09 June 2008
The Cl. 49 requires a listed company to have at least 50% of its directors as "independent" directors, if the chairman of the company is an Executive Chairman or he is related to Promoters family.
My query is - what if a company does not have a Chairman.
A company has option (but no compulsion) to appoint a Chairman of the Board. If a co. appoints such a Chairman, then at each meeting of the Board, he takes the Chair without any need for electing a chairman for every meeting. But if there is no such appointed chairman, then at each Board meeting the directors present will have to elect a chairman for that respective meeting.

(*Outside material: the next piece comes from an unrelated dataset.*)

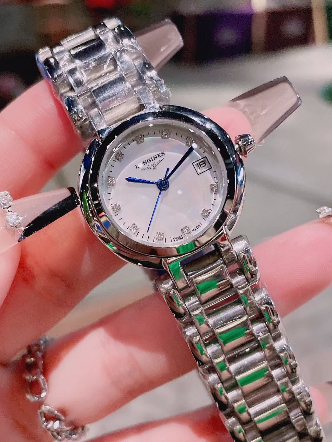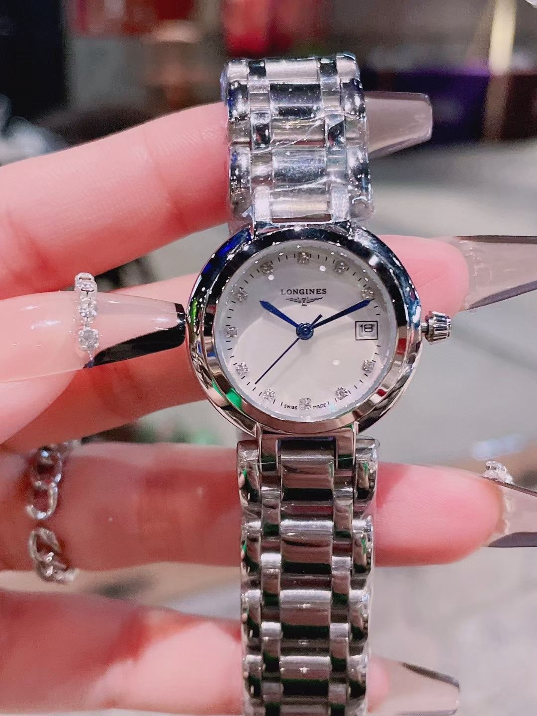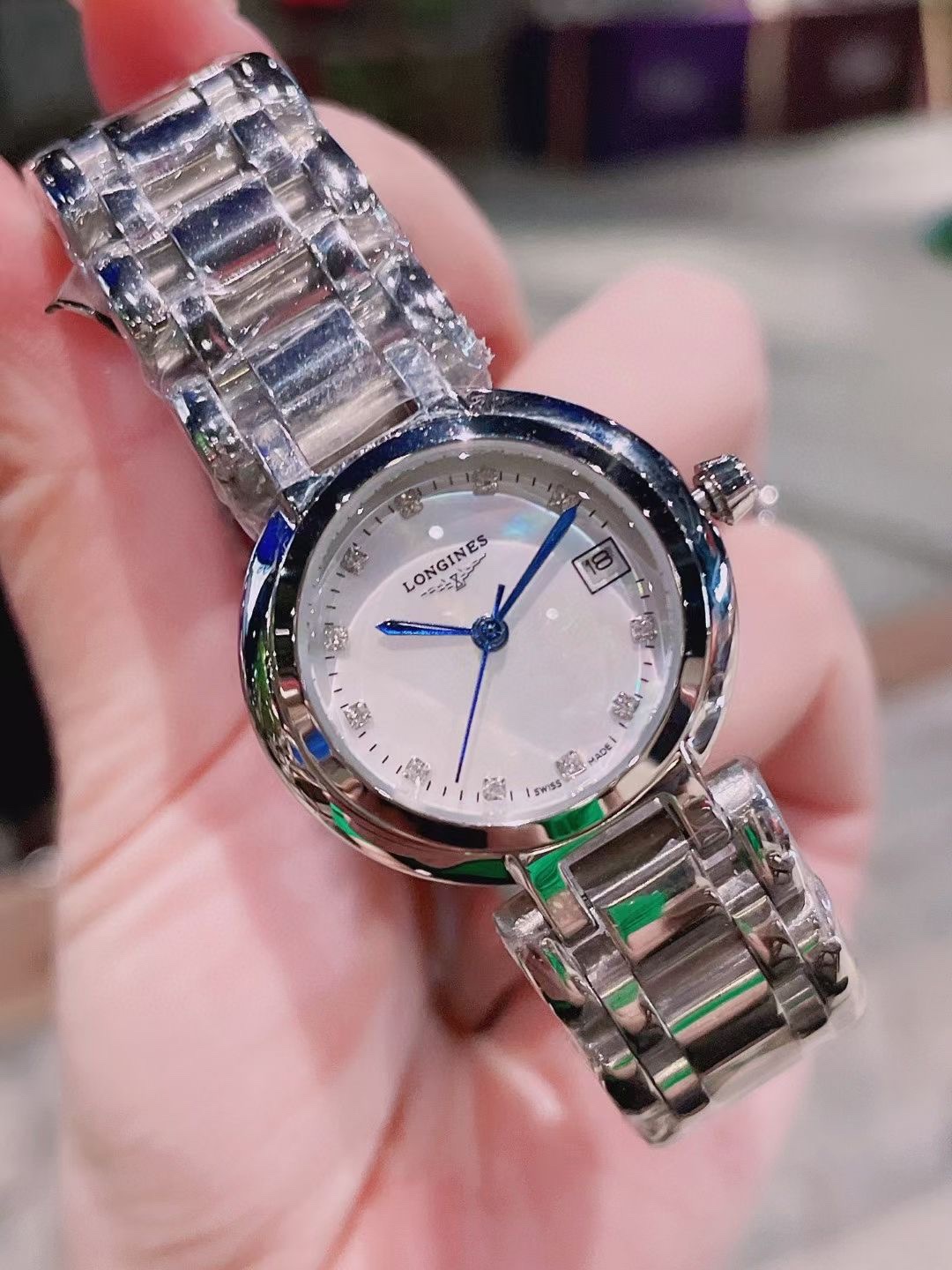 这款手表是AAAAA 1:1 质量 (非常棒). 使用了和原版一模一样的材料. 商标部分也保持了和浪琴/Longines一样. 图片拍摄是实物手表拍摄, 您所收到的实物保证和我们图片一模一样.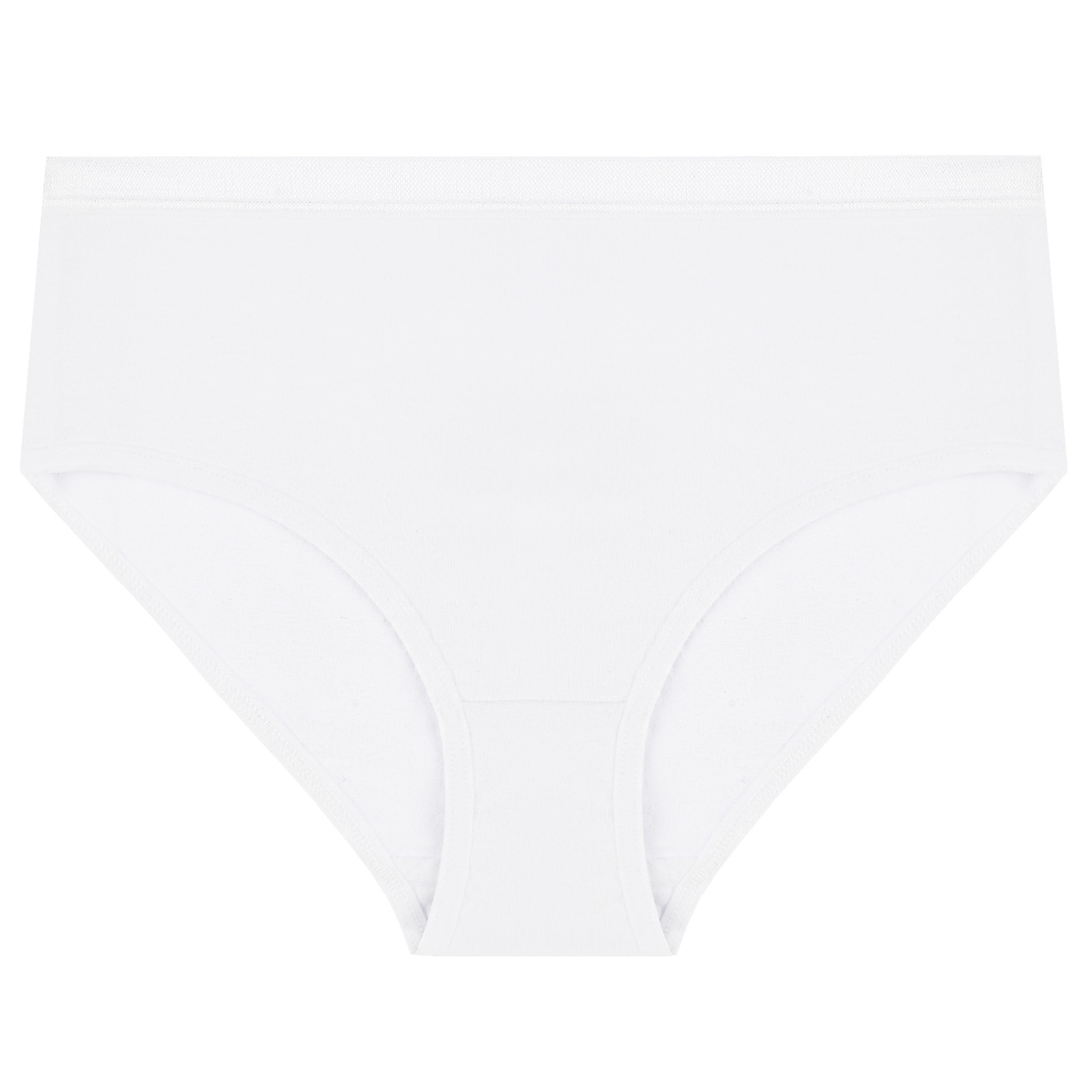 • Klasyczne, gładkie figi dziewczęce w uniwersalnym białym kolorze.

Thus, the query is - if there is no such appointed Chairman, then can the company be exempt from the restrictive requirement of 50% "independent" directors? (In which case, it would be sufficient for the company if it has just 1/3rd of the directors as "independent"
10 June 2008
since, Cl. 49,restricts company to have 1/2 of independent directors = if chairman is executive or 1/3rd of such directors = if chairman is non-executive, 2ndly, in every board meeting other directors to have chairman who will initiate the proceeding of the meetings & subsequently sign the minutes. so, i think compliance to have chairman is mandatory either pre-decided or elected.
10 June 2008
assming that the co. does not have an appointed chairman of the Board, but chooses to elect one at each meeting separately .. in such a case, theoritically, in some of the meetings there could be an Executive Chairman, and in the others a Non-Executive Chairman ...... in such a scenario, how does the compliance get affected?